Edição nº 35 | Tiragem: 4.600 exemplares

TRT frustra servidores ao usar verbas exclusivamente para juízes cópia do ofício encaminhado pelo SITRAEMG

A presidente Sônia Peres e o diretor José Francisco Rodrigues participaram de reunião no TRT

Toda a verba suplementar enviada à Justiça do Trabalho mineira - no valor de R$2.486.356,00 – foi destinada ao pagamento de juízes. A confirmação foi dada pelo presidente do TRT-MG, Paulo Sifuentes, em reunião no último dia 5 de agosto com a presidente do SITRAEMG, Sônia Peres e o diretor José Francisco. O crédito suplementar foi previsto no Ato Conjunto nº 19/2008, do Tribunal Superior do Trabalho (TST) e do Conselho Superior da Justiça do Trabalho (CSJT) e foi aberto para todos os Tribunais Regionais do Trabalho do país. A decisão do TRT da 3ª Região levou o SITRAEMG a protocolar pedido para o pagamento de passivos devidos aos servidores. O Sindicato também iniciou, através do seu portal, uma campanha em favor dos direitos destes trabalhadores Os servidores que acessarem o site poderão

encaminhar, por e-mail, para o presidente e os dois desembargadores que ocupam a vice-presidência do TRT, uma mensagem solicitando a essas autoridades que enviem ao TST e ao CSJT (Conselho Superior da Justiça do Trabalho) um pedido de verbas suplementares para o pagamento de passivos. Conforme prevê o Ato Conjunto nº 19/2008, os tribunais podem pedir novas verbas nas seguintes datas: 14/08 e 15/10. O SITRAEMG reforça a importância dos filiados participarem da campanha. "O TRT-MG é referência nacional em qualidade e produtividade e deve isso não só a seus magistrados, mas também ao labor incansável de seus servidores. Tenho certeza de que um grande número deles reforçarão o pedido do Sindicato; afinal, é só clicar e enviar!", comenta a presidente Sônia Peres.
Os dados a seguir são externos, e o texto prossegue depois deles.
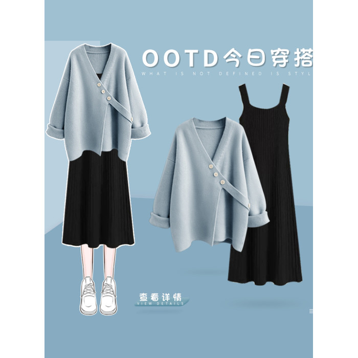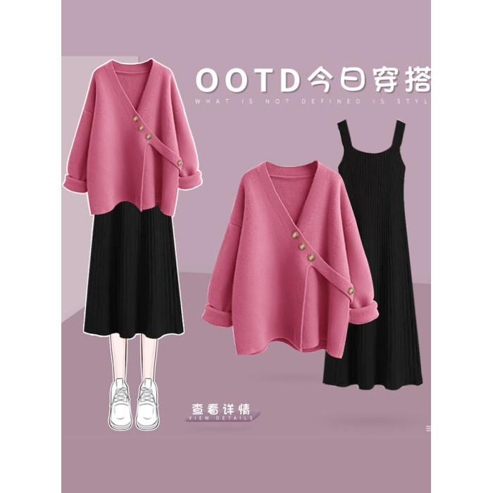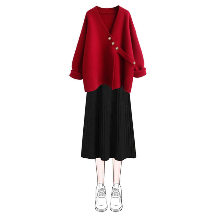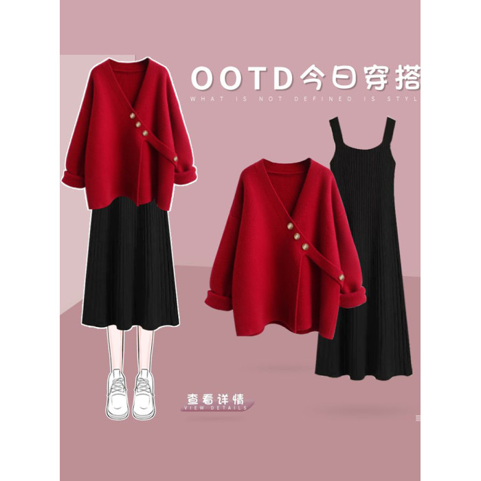 大碼女冬裝減齡套裝胖mm顯瘦遮肉聖誕節新年紅色毛衣連衣裙兩件套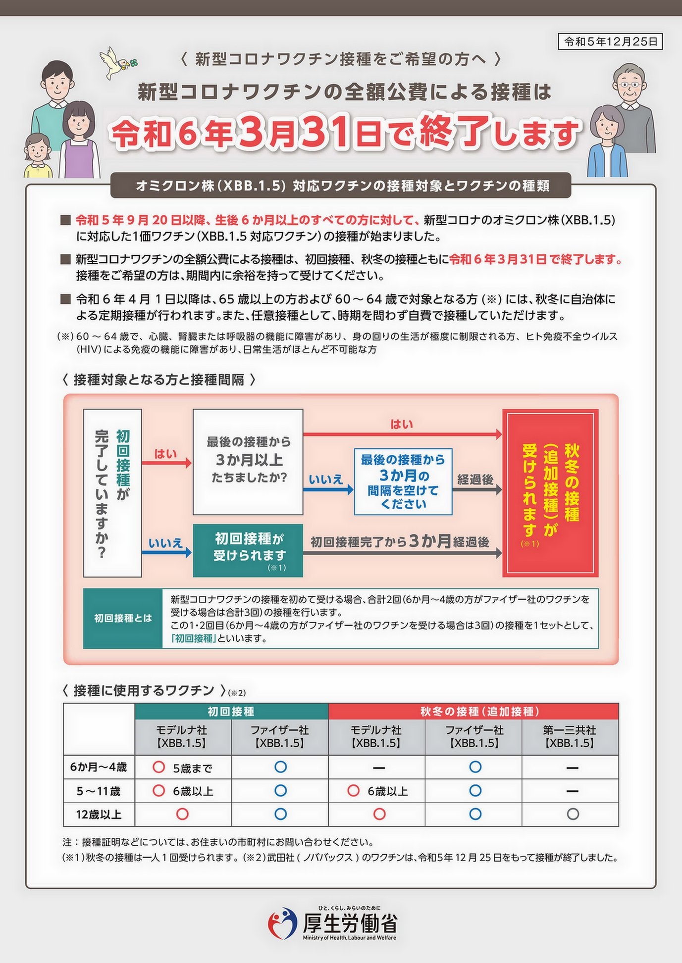 新型コロナウイルスの感染に、引き続き十分な注意をお願いいたします。生後6か月以上の全ての方にXBB.1.5対応ワクチンの接種を受けていただくことができます。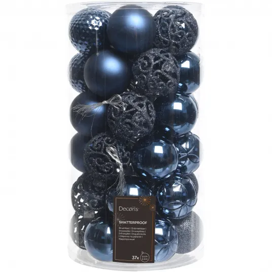 Set 37 globuri Craciun Decoris, diametru glob 6 cm, plastic, finisaje diverse, bleumarin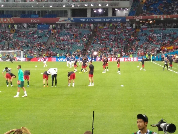 Забитый под завязку стадион поочередно исполняет две песни: сначала португальцы заряжают свою, потом испанцы. Команды выходят, звучат гимны. А я во сне. До сих пор не понимаю, что это всё правда. Любимая сборная и Криштиану Роналду вот-вот начнут Пиренейское дерби, которое предвкушалось давным-давно.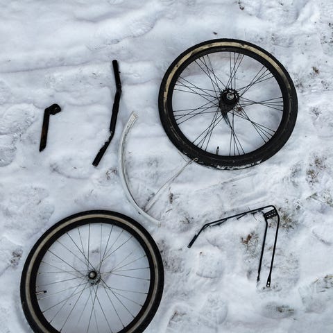 Runko ok siisti jossa osia kiinni. Eli ei vanteita, ne on myyty aiemmin, (jolloin pyörä ollut ajossa). Eli laakerit toimii, ketjut on paikalla. Kysy jos oot seudulta koska en voi lähettää.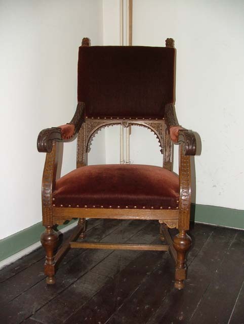 Eikenhouten stoel met donker rode velours bekleding op de zitting, de rug en de armleggers. De stoel is voorzien van snijwerk in de vorm van twee leeuwen en staat op bolpoten.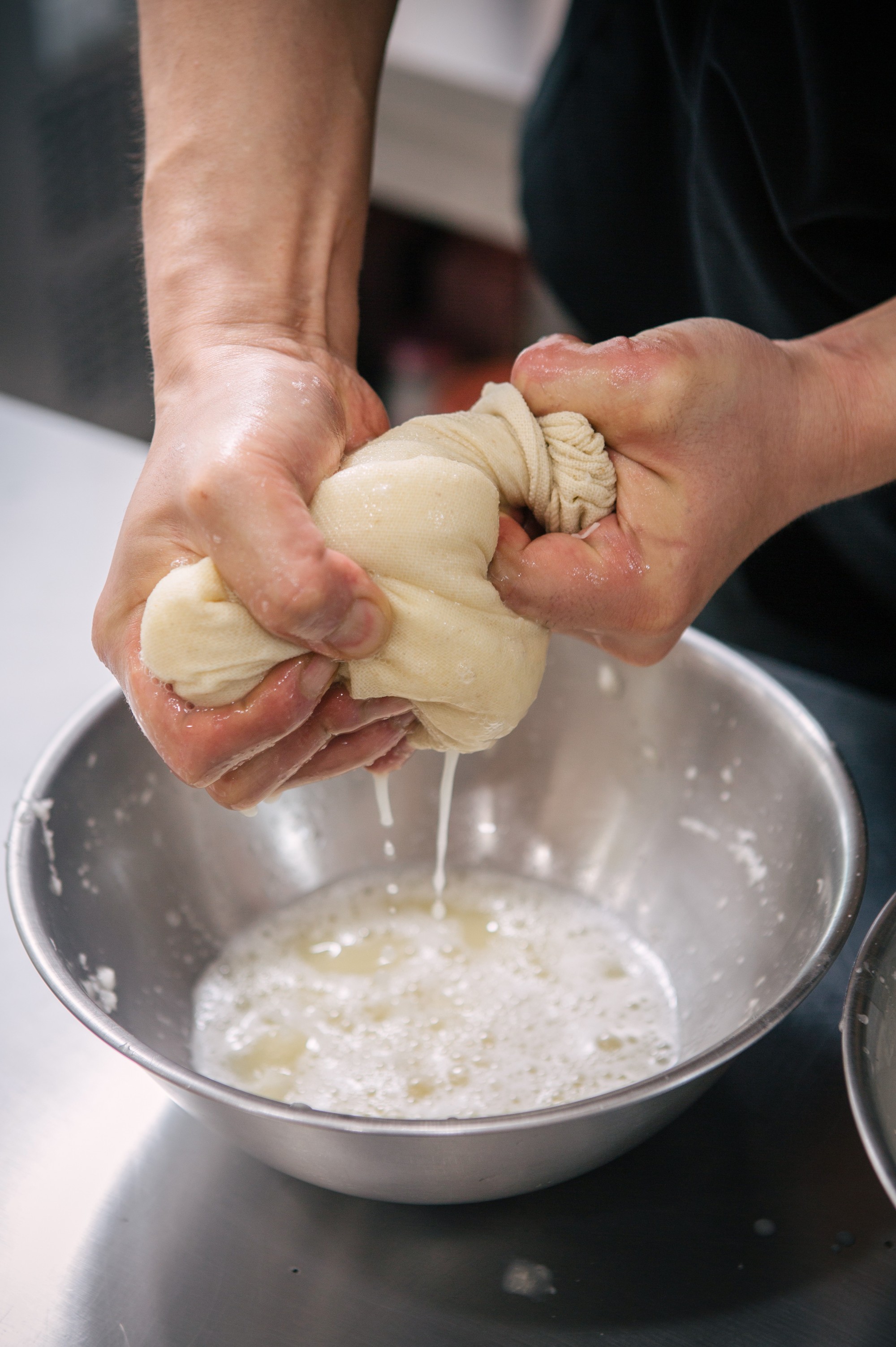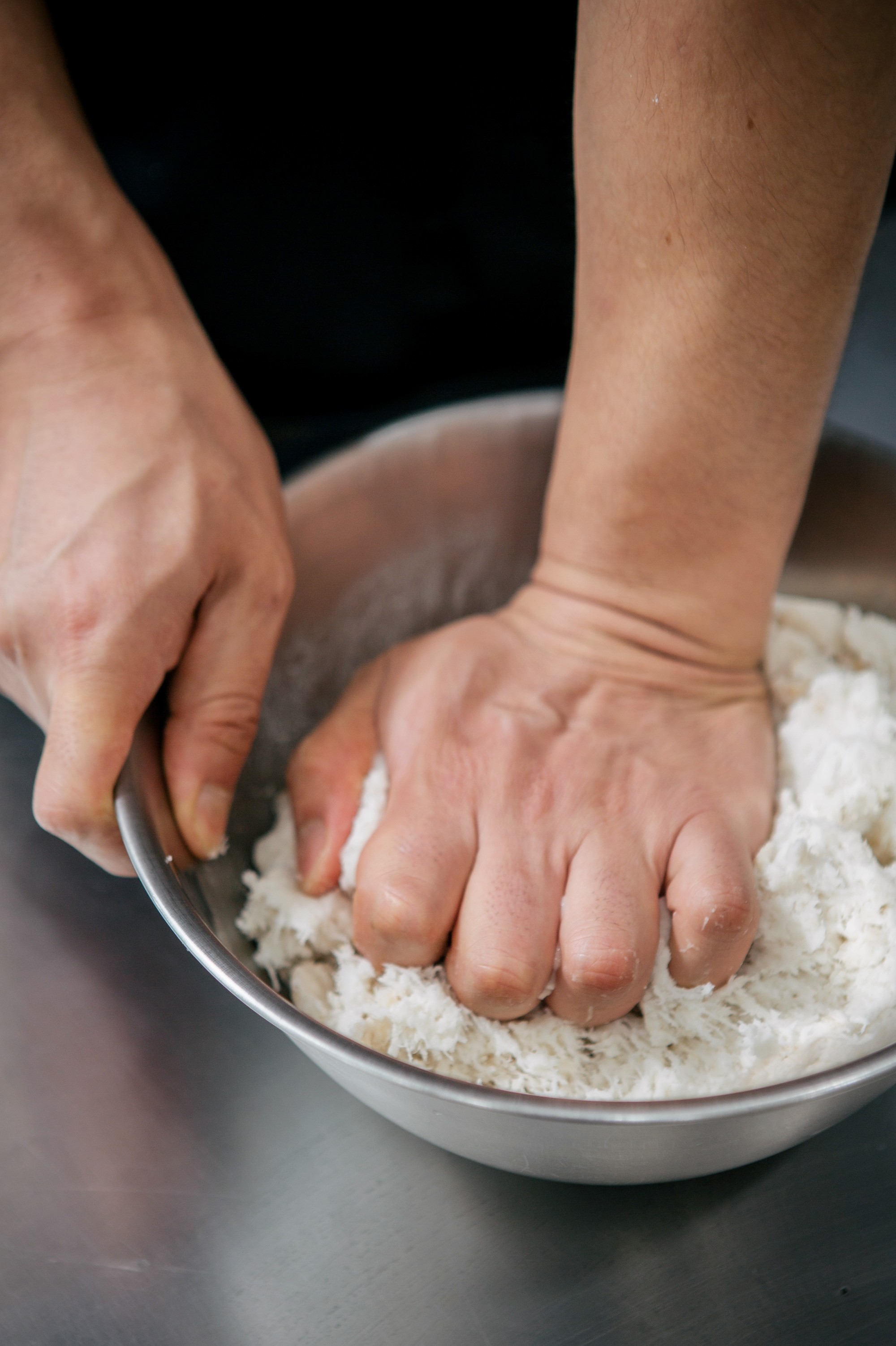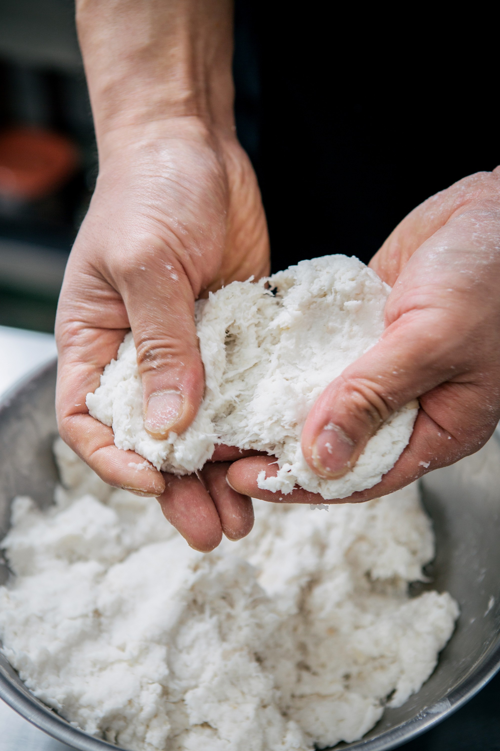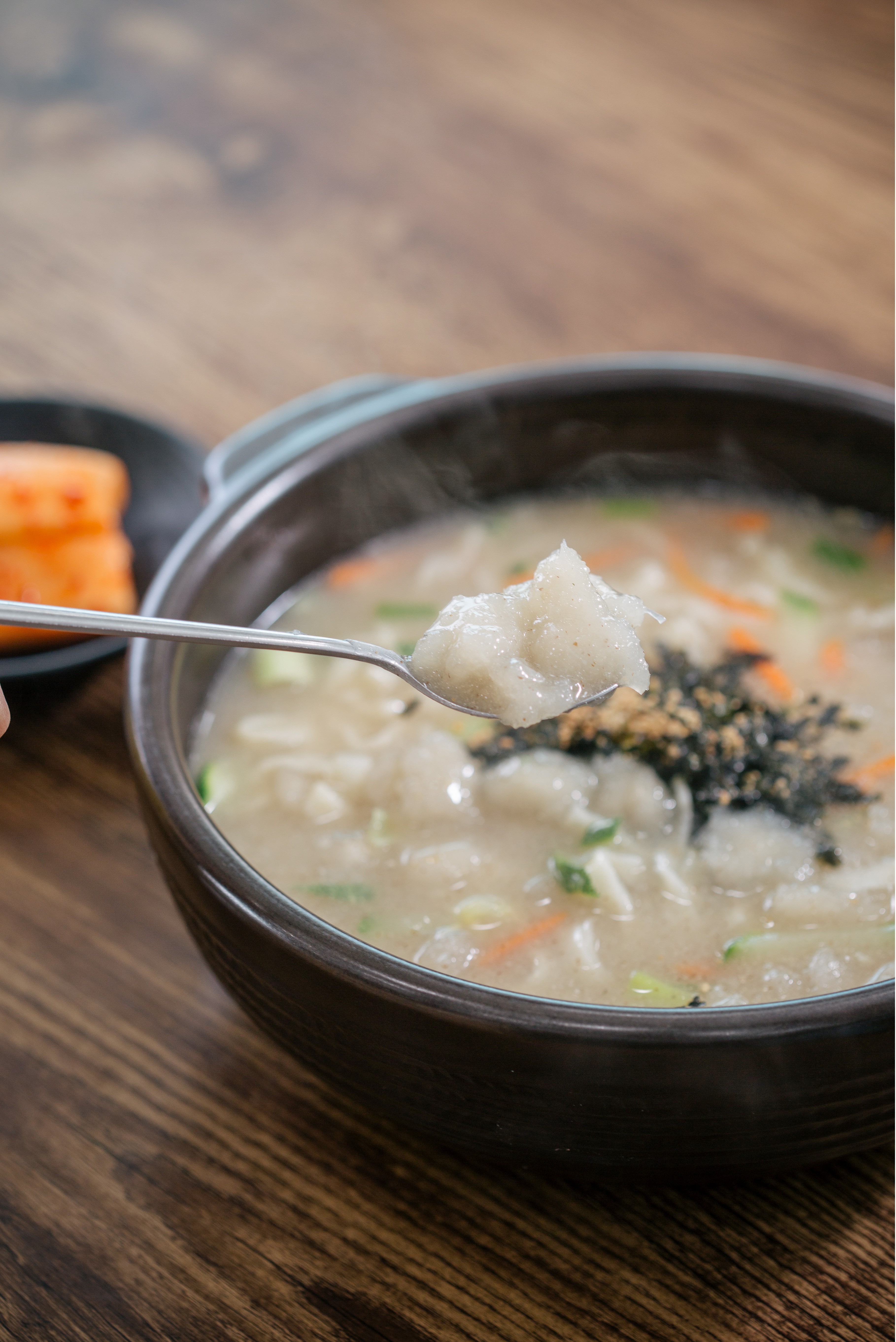 <만선식당>의 옹심이는 쫀득하면서도 거친 감자 결이 생생하다. 조 대표는 “믹서를 이용하면 더 곱고 빠르게 갈 수 있지만 저희는 강판의 원리와 비슷한 기계를 고집하고 있어요. 결이 살아 있어 감자 본연의 맛을 더 잘 느낄 수 있습니다”라고 조심스레 비법을 밝힌다. 반죽에선 감자의 수분을 얼마나 빼는가도 중요하다. <만선식당>은 감자 건지의 수분을 짜는 걸 7-8회 정도 반복하는데, 많이 짤수록 갈변 현상이 적고 아린 맛도 덜하다.

Horas-extras: um grave problema O SITRAEMG está preocupado com o grande número de horas-extras que os servidores do Judiciário Fedral de Minas Gerais estão sendo obrigados a fazer, sem a remuneração equivalente. O fato ocorre no TRE, em vir tude do ano eleitoral, e é constante também na Justiça Fedral e na Justiça do Trabalho. Faltam servidores concursados e qualificados para a demanda de trabalho. Encher as Varas de estagiários e requisitados estranhos ao quadro e sem o compormisso que o servidor de carreira tem com seu trabalho e sua instituição é um paleativo que não resolve o problema, é só adiar a solução. Não foram poucas as reclamações que chegaram ao Sindicato sobre a questão. Servidores do interior e da capital se queixam do grande número de horas-extras que estão fazendo, sem o devido pagamento em pecúnia ou recompensa em folga. Além disso, funcionários, especialmente, os que ocupam Funções Comissionadas, inclusive, de assessores de juízes e desembargadores, que levam serviço para casa e são privados de seus feriados e finais de semana em função do volume de trabalho. Alguns chegam a afirmar que ao invés de receberem dinheiro preferem ter suas folgas respeitadas, pois estão perdendo em qualidade de vida. O Sindicato vai reforçar a campanha pela oficialização da jornada de 6 horas, solução definitiva para o problema. Enquanto isso, o jurídico do SITRAEMG está buscando remédios legais para minorar o problema nos três tribunais. O que não pode é o Judiciário Fedral dar esse mal exemplo, como diz o dito popular "casa de ferreiro, espeto de pau".